### What needs to be done
Would you please write out each of the entries below exactly, omitting pictures?

───

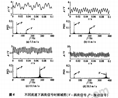 為了觀(guān)測(cè)管道周期振動(dòng)下渦街流量信號(hào)的特征,利用NI USB-6009數(shù)據(jù)采集卡對(duì)渦街正弦信號(hào)進(jìn)行采樣。以垂直方向管道振動(dòng)加速度為0.1g為例,給出了不同流速下渦街信號(hào)的時(shí)頻域圖,如圖4所示。由時(shí)域部分可知,管道振動(dòng)下渦街流量傳感器輸出的信號(hào)為真實(shí)旋渦脫落信號(hào)和管道振動(dòng)信號(hào)的合成信號(hào)。低流速(≤1lm/s)時(shí),管道振動(dòng)信號(hào)強(qiáng)、占主要成分,渦街信號(hào)疊加在其上;隨著流速變大(11~20.5m/s),渦街信號(hào)逐漸顯露出來(lái)成為主要成分、淹沒(méi)振動(dòng)信號(hào)。由頻域可知,振動(dòng)信號(hào)成分較單一,呈尖峰狀,幅值為定值,不隨流速變化而變,除40Hz基頻外還有2、3倍頻出現(xiàn);而渦街信號(hào)成分稍復(fù)雜,呈塔峰狀,幅值隨流速變大而迅速增強(qiáng),頻譜能量占總能量比重也隨流速增加而變大。
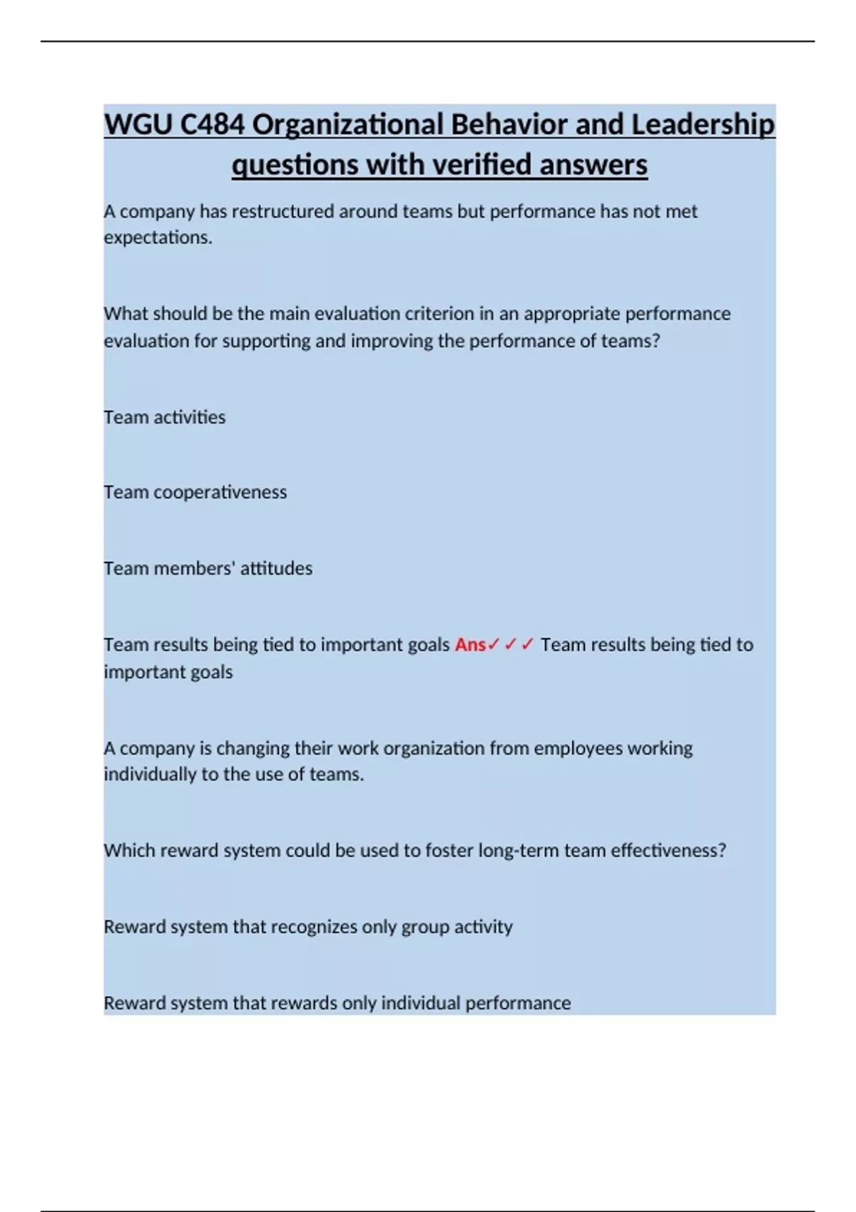 WGU C484 Organizational Behavior and Leadership questions with verified answer1.
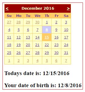 Label2.Text = "Your date of birth is: " + Calendar1.SelectedDate.ToShortDateString();
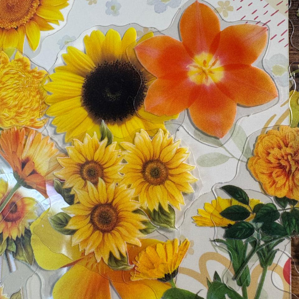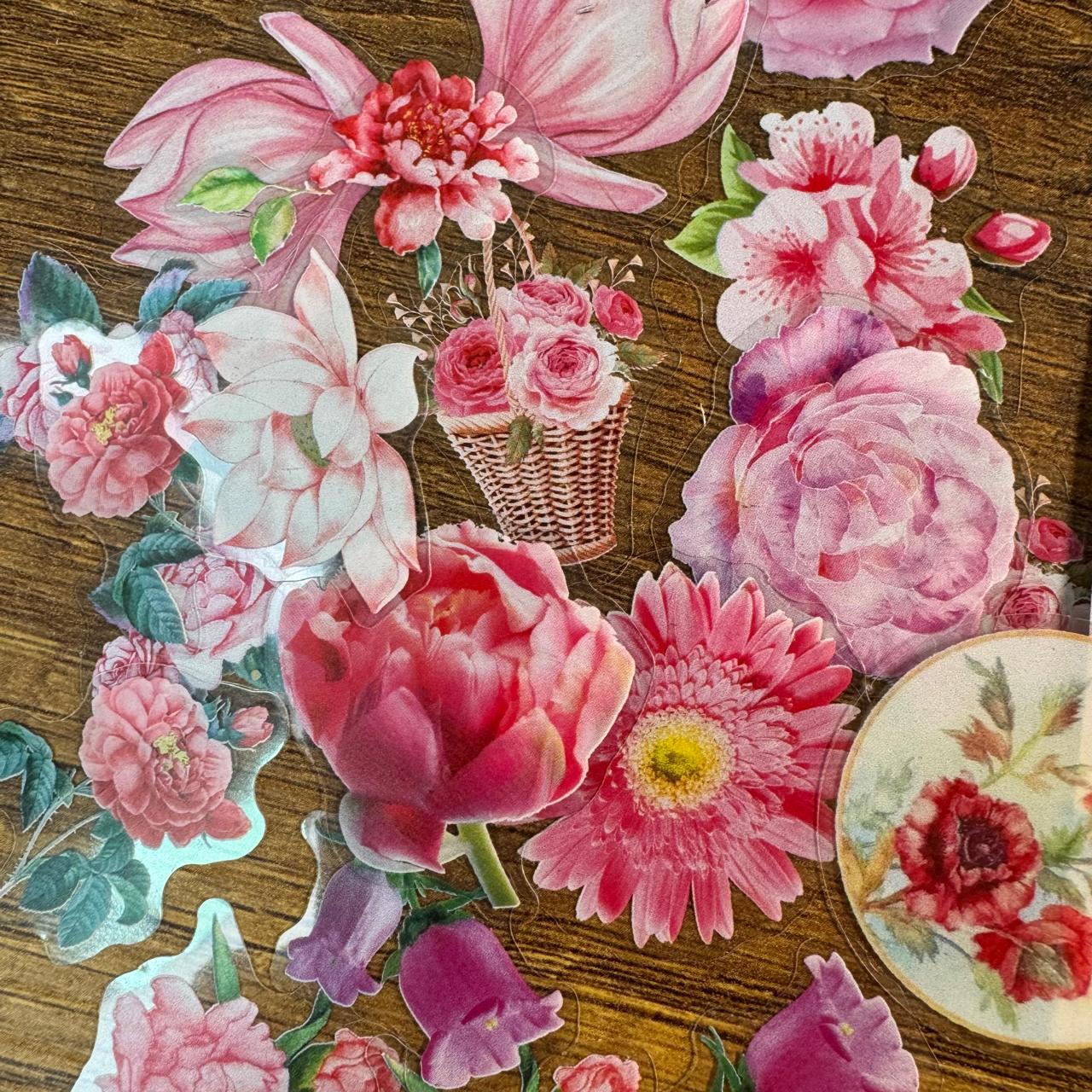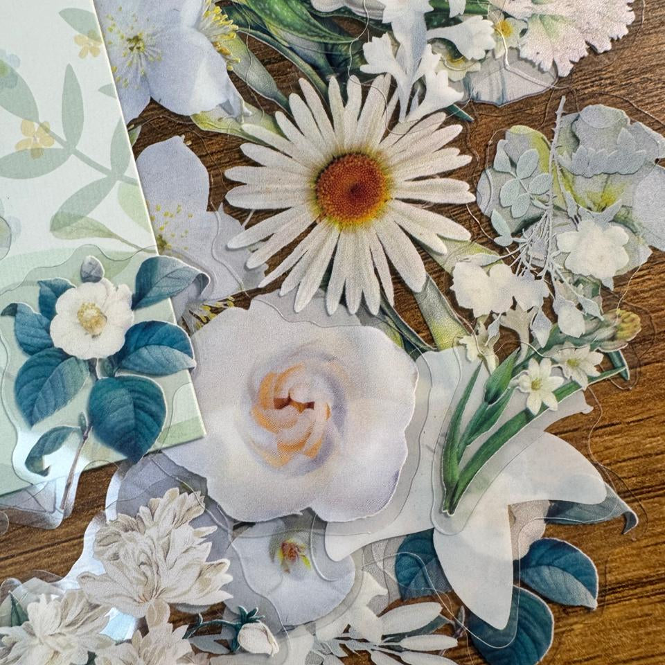 Un jardín en tus manos. Este set incluye 60 stickers en PET distribuidos en 30 modelos distintos, con 2 stickers por cada diseño. Encontrarás flores en tonos rosado, amarillo, azul, violeta, blanco y una encantadora variante de hojas verdes. Perfectos para dar frescura y color a tus journals, collages y proyectos creativos. 🌼🌿✨
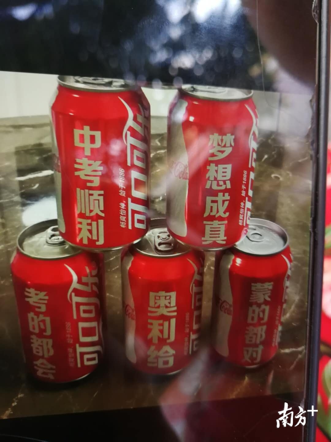 ▲佛山市惠景中学,家长陈女士为迎接儿子,专门准备了必胜口罩,并穿上大红袍。她告诉记者,这样的口罩她一共定制了100多个口罩,送给儿子班上的孩子和老师。在考前,她还用可乐创意为孩子加油打气。
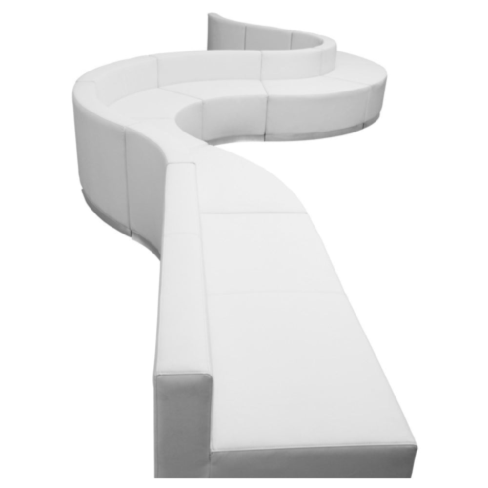 The Flash Furniture ZB-803-410-SET-WH-GG Hercules Alon Series Reception Configuration stands out for its modular design and versatility, making it an exceptional choice for a variety of professional environments. With an overall dimension of 197-1/2"W x 25-1/4" to 144-1/2"D x 27"H, this set includes one 25-1/2"W x 25-1/4"D x 27"H chair, four concave chairs ranging from 21-1/2" to 41-1/2"W x 25-1/4"D x 27"H, three convex chairs measuring 41-1/2" to 21-1/2"W x 25-1/4"D x 27"H, and a 51"W x 25-1/4"D x 27"H loveseat. The LeatherSoft upholstery provides a comfortable seating experience, enhanced by taut seat and back with line stitching to ensure durability. Safety and stability are prioritized through the use of CA117 fire retardant foam and a locking bolt system that connects the chairs. The brushed stainless steel base and adjustable floor glides add to the aesthetic appeal while facilitating easy setup and maintenance. This reception configuration is delivered in nine boxes, typically shipping within 24 hours for in-stock items, and requires assembly upon arrival. Available in white, this set is designed to meet the dynamic needs of reception areas and waiting rooms.

───

### Exercise output
 為了觀(guān)測(cè)管道周期振動(dòng)下渦街流量信號(hào)的特征,利用NI USB-6009數(shù)據(jù)采集卡對(duì)渦街正弦信號(hào)進(jìn)行采樣。以垂直方向管道振動(dòng)加速度為0.1g為例,給出了不同流速下渦街信號(hào)的時(shí)頻域圖,如圖4所示。由時(shí)域部分可知,管道振動(dòng)下渦街流量傳感器輸出的信號(hào)為真實(shí)旋渦脫落信號(hào)和管道振動(dòng)信號(hào)的合成信號(hào)。低流速(≤1lm/s)時(shí),管道振動(dòng)信號(hào)強(qiáng)、占主要成分,渦街信號(hào)疊加在其上;隨著流速變大(11~20.5m/s),渦街信號(hào)逐漸顯露出來(lái)成為主要成分、淹沒(méi)振動(dòng)信號(hào)。由頻域可知,振動(dòng)信號(hào)成分較單一,呈尖峰狀,幅值為定值,不隨流速變化而變,除40Hz基頻外還有2、3倍頻出現(xiàn);而渦街信號(hào)成分稍復(fù)雜,呈塔峰狀,幅值隨流速變大而迅速增強(qiáng),頻譜能量占總能量比重也隨流速增加而變大。
 WGU C484 Organizational Behavior and Leadership questions with verified answer1.
 Label2.Text = "Your date of birth is: " + Calendar1.SelectedDate.ToShortDateString();
 Un jardín en tus manos. Este set incluye 60 stickers en PET distribuidos en 30 modelos distintos, con 2 stickers por cada diseño. Encontrarás flores en tonos rosado, amarillo, azul, violeta, blanco y una encantadora variante de hojas verdes. Perfectos para dar frescura y color a tus journals, collages y proyectos creativos. 🌼🌿✨
 ▲佛山市惠景中学,家长陈女士为迎接儿子,专门准备了必胜口罩,并穿上大红袍。她告诉记者,这样的口罩她一共定制了100多个口罩,送给儿子班上的孩子和老师。在考前,她还用可乐创意为孩子加油打气。
 The Flash Furniture ZB-803-410-SET-WH-GG Hercules Alon Series Reception Configuration stands out for its modular design and versatility, making it an exceptional choice for a variety of professional environments. With an overall dimension of 197-1/2"W x 25-1/4" to 144-1/2"D x 27"H, this set includes one 25-1/2"W x 25-1/4"D x 27"H chair, four concave chairs ranging from 21-1/2" to 41-1/2"W x 25-1/4"D x 27"H, three convex chairs measuring 41-1/2" to 21-1/2"W x 25-1/4"D x 27"H, and a 51"W x 25-1/4"D x 27"H loveseat. The LeatherSoft upholstery provides a comfortable seating experience, enhanced by taut seat and back with line stitching to ensure durability. Safety and stability are prioritized through the use of CA117 fire retardant foam and a locking bolt system that connects the chairs. The brushed stainless steel base and adjustable floor glides add to the aesthetic appeal while facilitating easy setup and maintenance. This reception configuration is delivered in nine boxes, typically shipping within 24 hours for in-stock items, and requires assembly upon arrival. Available in white, this set is designed to meet the dynamic needs of reception areas and waiting rooms.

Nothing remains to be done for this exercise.